Weakly Supervised Person Re-ID: Differentiable Graphical Learning and A New Benchmark (1904.03845v3)

Published 8 Apr 2019 in cs.CV and cs.AI

Abstract: Person re-identification (Re-ID) benefits greatly from the accurate annotations of existing datasets (e.g., CUHK03 [1] and Market-1501 [2]), which are quite expensive because each image in these datasets has to be assigned with a proper label. In this work, we ease the annotation of Re-ID by replacing the accurate annotation with inaccurate annotation, i.e., we group the images into bags in terms of time and assign a bag-level label for each bag. This greatly reduces the annotation effort and leads to the creation of a large-scale Re-ID benchmark called SYSU-30$k$. The new benchmark contains $30k$ individuals, which is about $20$ times larger than CUHK03 ($1.3k$ individuals) and Market-1501 ($1.5k$ individuals), and $30$ times larger than ImageNet ($1k$ categories). It sums up to 29,606,918 images. Learning a Re-ID model with bag-level annotation is called the weakly supervised Re-ID problem. To solve this problem, we introduce a differentiable graphical model to capture the dependencies from all images in a bag and generate a reliable pseudo label for each person image. The pseudo label is further used to supervise the learning of the Re-ID model. When compared with the fully supervised Re-ID models, our method achieves state-of-the-art performance on SYSU-30$k$ and other datasets. The code, dataset, and pretrained model will be available at \url{https://github.com/wanggrun/SYSU-30k}.

Citations (5)

View on Semantic Scholar

Summary

The paper demonstrates that weakly supervised learning with bag-level annotations effectively reduces labor costs while maintaining competitive accuracy.
The paper introduces a novel differentiable graphical model that generates pseudo-labels and integrates seamlessly with deep neural networks.
The paper validates the approach on the SYSU-30k benchmark, showcasing performance that rivals and sometimes surpasses fully supervised models.

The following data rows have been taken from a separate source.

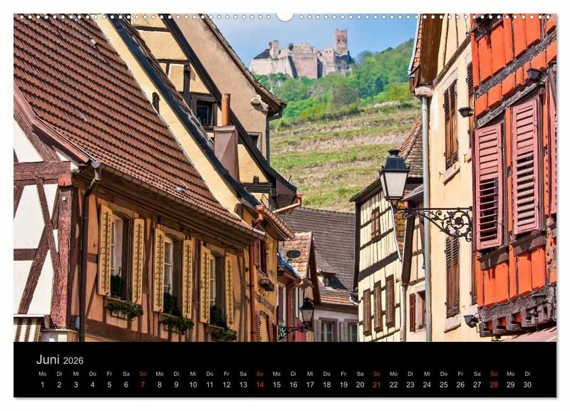Juni: Altstadt von Ribeauvillé, Blick zur Ruine St. Ulrich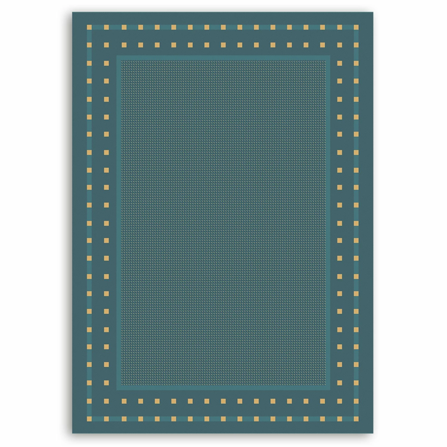 Schicker graublauer Teppich mit gelb gemustertem Rand. Das Muster wirkt sehr modern und die Maße eignen sich perfekt für mittelgroße Räume.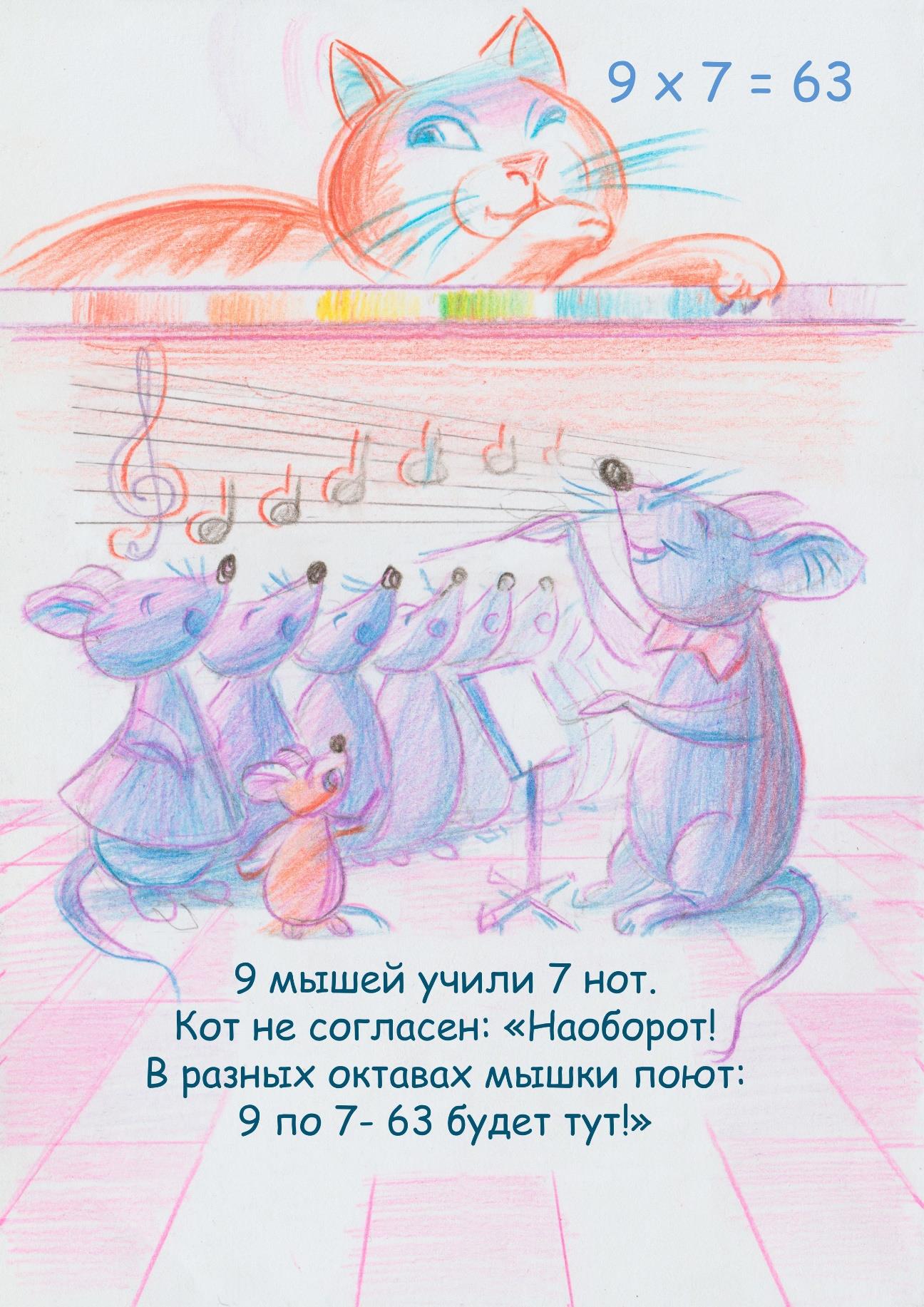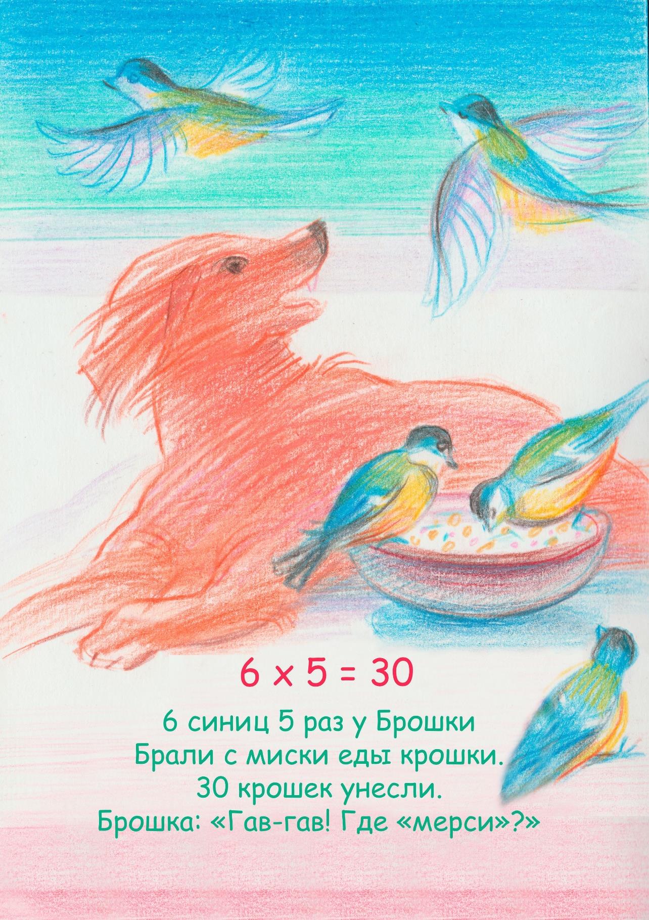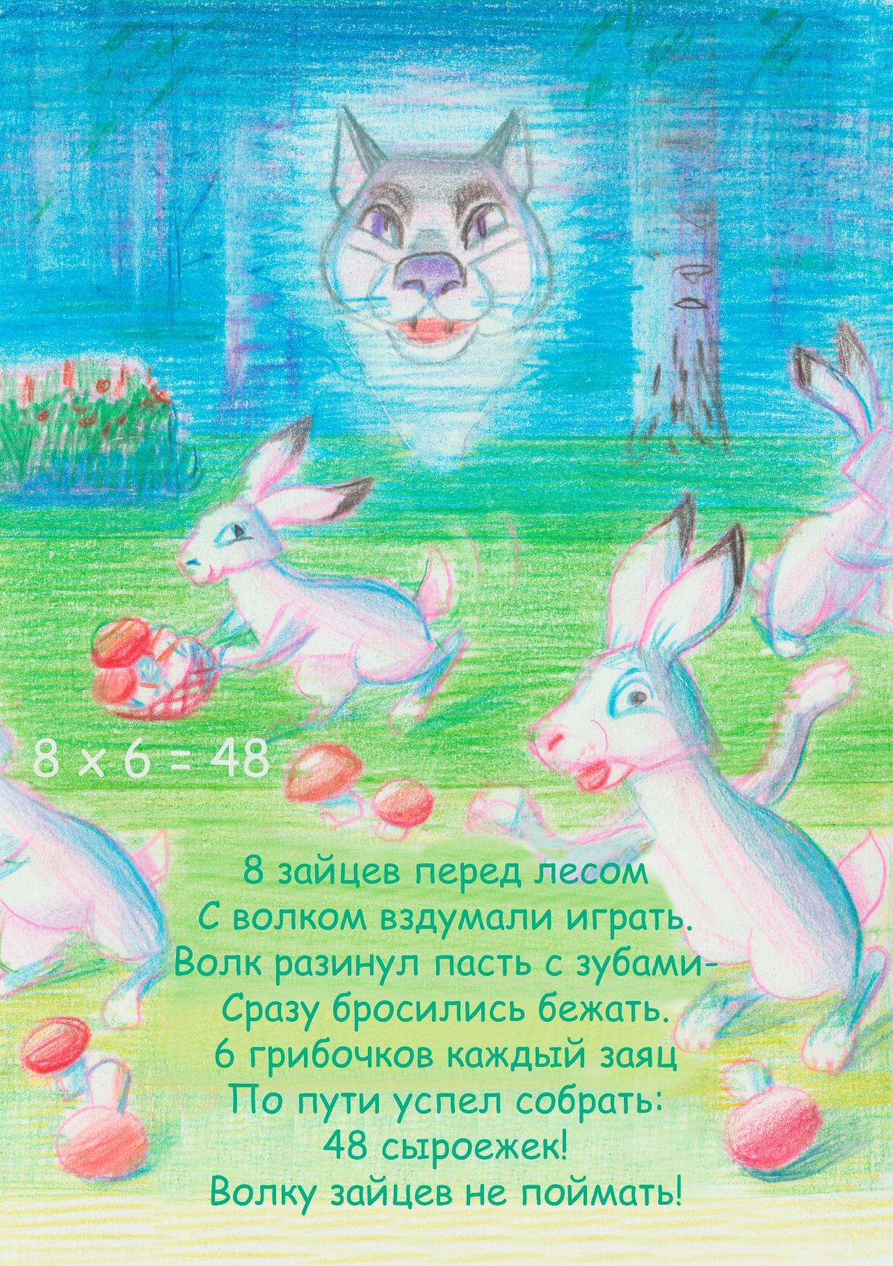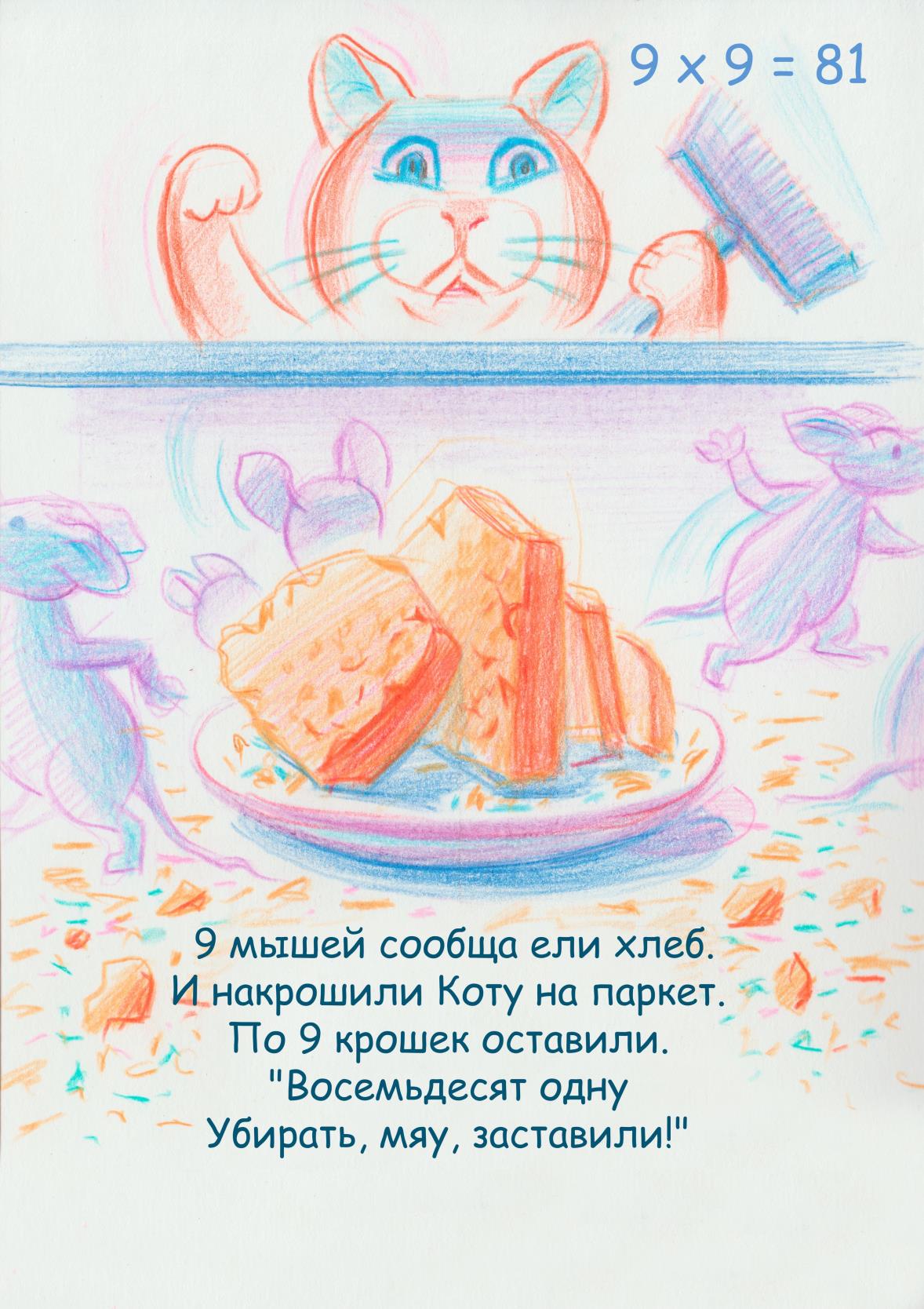 -Ух ты! – удивился Ежик. – Тогда надо бы книжку собрать. Смотри, я эти страницы уже по порядку разложил: вот здесь у тебя 9х9, а я следом 9х8 положил, а потом 9х7. Первая цифра такая же, а вторая другая- каждый раз меньше. Тогда по порядку будет. Ну что, идем за остальными листочками?

Insights into Weakly Supervised Person Re-Identification and Differentiable Graphical Learning

The paper "Weakly Supervised Person Re-ID: Differentiable Graphical Learning and A New Benchmark" by Guangrun Wang et al. presents an innovative approach to person re-identification (Re-ID) through weakly supervised learning. The authors introduce a large-scale benchmark, SYSU-30k, characterized by weak annotations, and develop a cutting-edge graphical model that operates within a weakly supervised framework. Throughout the paper, the authors navigate the complexities of Re-ID, demonstrating how weak supervision can effectively reduce laborious annotation costs while maintaining high levels of accuracy.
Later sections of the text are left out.